Like many databases, CockroachDB (CRDB) encodes SQL data into key-value (KV) pairs. The format evolves over time, with an eye toward backward compatibility. This document describes format version 3 in detail except for how CRDB encodes primitive values (pkg/util/encoding/encoding.go).
与许多数据库一样,CockroachDB(CRDB)将SQL数据编码为键值(KV)对。格式随着时间的推移而变化,着眼于向后兼容。本文档详细介绍了Format Version 3,但CRDB编码基元值(pkg/util/ENCODING/encoding.go)的方式除外。
The Cockroach Labs blog post SQL in CockroachDB: Mapping Table Data to Key-Value Storage covers format version 1, which predates column families, interleaving, and composite encoding. Format version 2 introduced column families, covered in Implementing Column Families in CockroachDB. See also the column families RFC and the interleaving RFC.
This document was originally written by David Eisenstat
SQL tables consist of a rectangular array of data and some metadata. The metadata include a unique table ID; a nonempty list of primary key columns, each with an ascending/descending designation; and some information about each column. Each column has a numeric ID that is unique within the table, a SQL type, and a column family ID. A column family is a maximal subset of columns with the same column family ID. For more details, see pkg/sql/sqlbase/structured.proto.
SQL表由数据的矩形数组和一些元数据组成。
元数据包括:
Each row of a table gives rise to one or more KV pairs, one per column family as needed (see subsection NULL below). CRDB stores primary key data in KV keys and other data in KV values so that it can use the KV layer to prevent duplicate primary keys. For encoding, see pkg/sql/rowwriter.go. For decoding, see pkg/sql/sqlbase/multirowfetcher.go.

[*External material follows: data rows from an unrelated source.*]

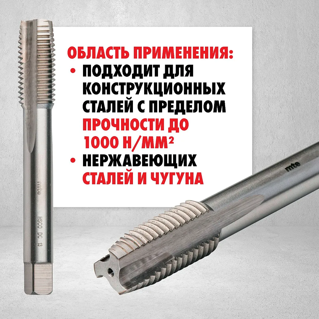 Подходит для конструкционных сталей с пределом прочности до 1000 Н/мм², нержавеющих сталей и чугуна.
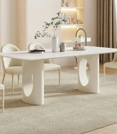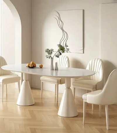 Natural Marble Dining Table with Minimalist Design – Cream
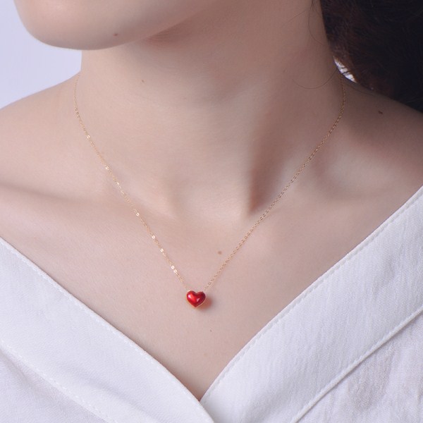 彩金项链女款999纯足金黄金红心形吊坠18K金锁骨套链细链首饰正品
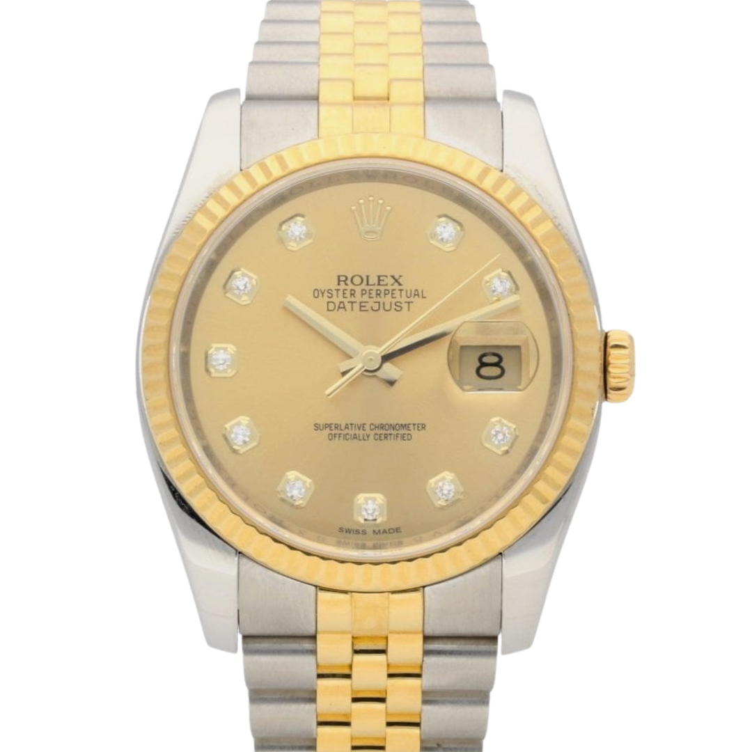 This immaculate 2011 Rolex Datejust 36, reference 116233, presents the perfect balance of stainless steel and 18ct yellow gold in one of Rolex’s most iconic and versatile designs. The champagne dial is beautifully complemented by original Rolex diamond-set hour markers, giving the watch a radiant, luxurious presence without ever feeling overstated. Its fluted yellow-gold bezel adds the unmistakable classic Rolex signature, catching the light with every movement and elevating the piece's elegance.

表的每一行产生一个或多个KV对,根据需要每个列族一个(请参见下面的NULL小节)。CRDB将主键数据存储在KV键中,其他数据存储在KV值中,以便它可以使用KV层来防止重复的主键。
KV keys consist of several fields:
KV键由几个字段组成:
CRDB encodes these fields individually and concatenates the resulting bytes. The decoder can determine the field boundaries because the field encoding is prefix-free.

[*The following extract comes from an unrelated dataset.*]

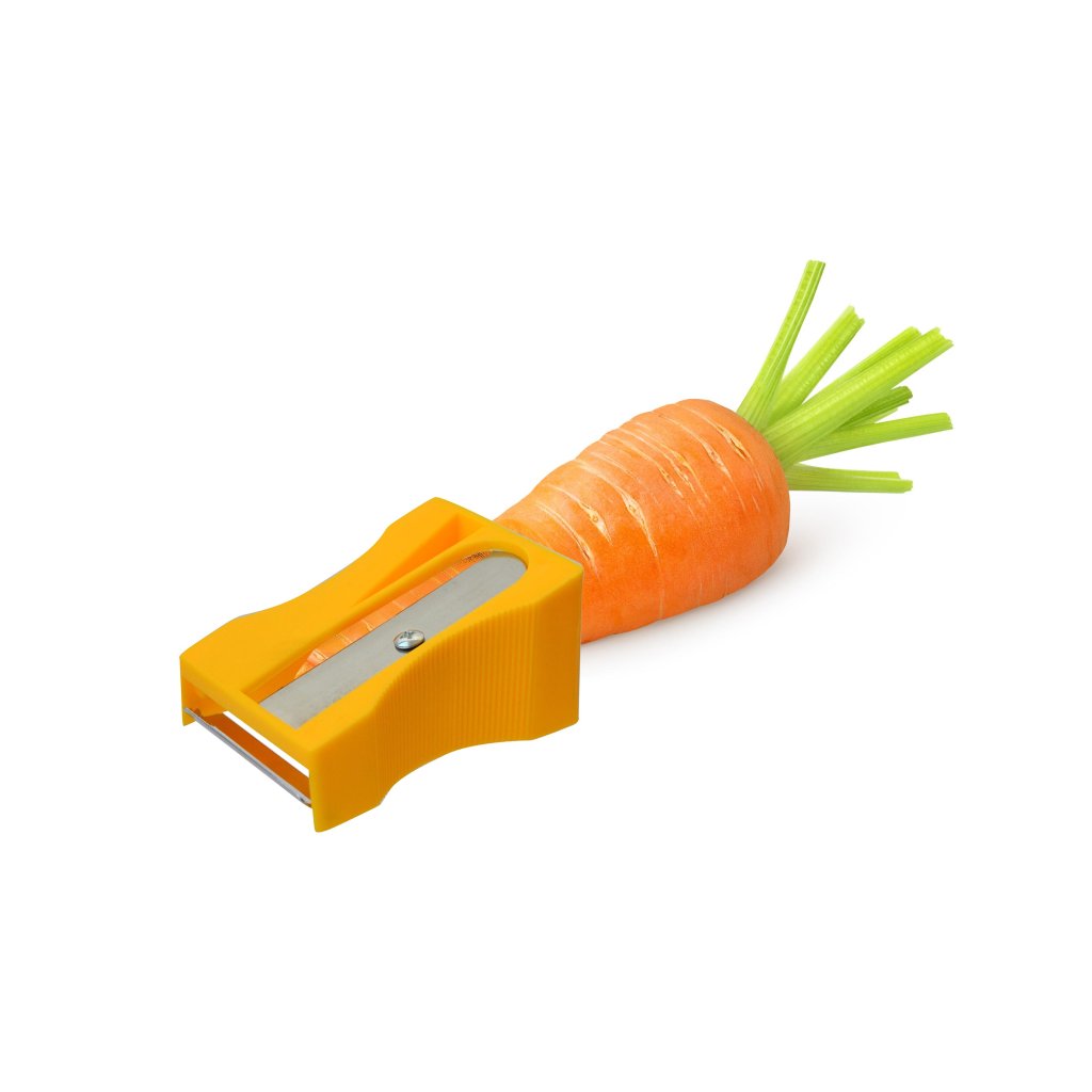 Pencil sharpener and greens scraper. Easily clean vegetables with it. The pencil sharpener is mainly used for root vegetables. The peeler is for other vegetables. Material - plastic, stainless steel. Dimensions - 7,6x5,3x3,8 cm.Additional parameters

CRDB单独编码这些字段并连接结果字节。 解码器可以确定字段的边界,因为场编码是无前缀的。
Encoded fields start with a byte that indicates the type of the field. For primary key fields, this type has a one-to-many relationship with the SQL datum type. The SQL types STRING
and BYTES
, for example, share an encoding. The relationship will become many-to-many when CRDB introduces a new DECIMAL
encoding, since the old decoder will be retained for backward compatibility.
编码字段以指示字段类型的字节开头。 对于主键字段,此类型与SQL数据类型具有一对多关系。 例如,SQL类型STRING和BYTES共享编码。 当CRDB引入新的DECIMAL编码时,该关系将变为多对多,因为旧的解码器将被保留以实现向后兼容。
The format of the remaining bytes depends on the field type. The details (in pkg/util/encoding/encoding.go) are irrelevant here except that, for primary key fields, these bytes have the following order property. Consider a particular primary key column and let enc be the mathematical function that maps SQL data in that column to bytes.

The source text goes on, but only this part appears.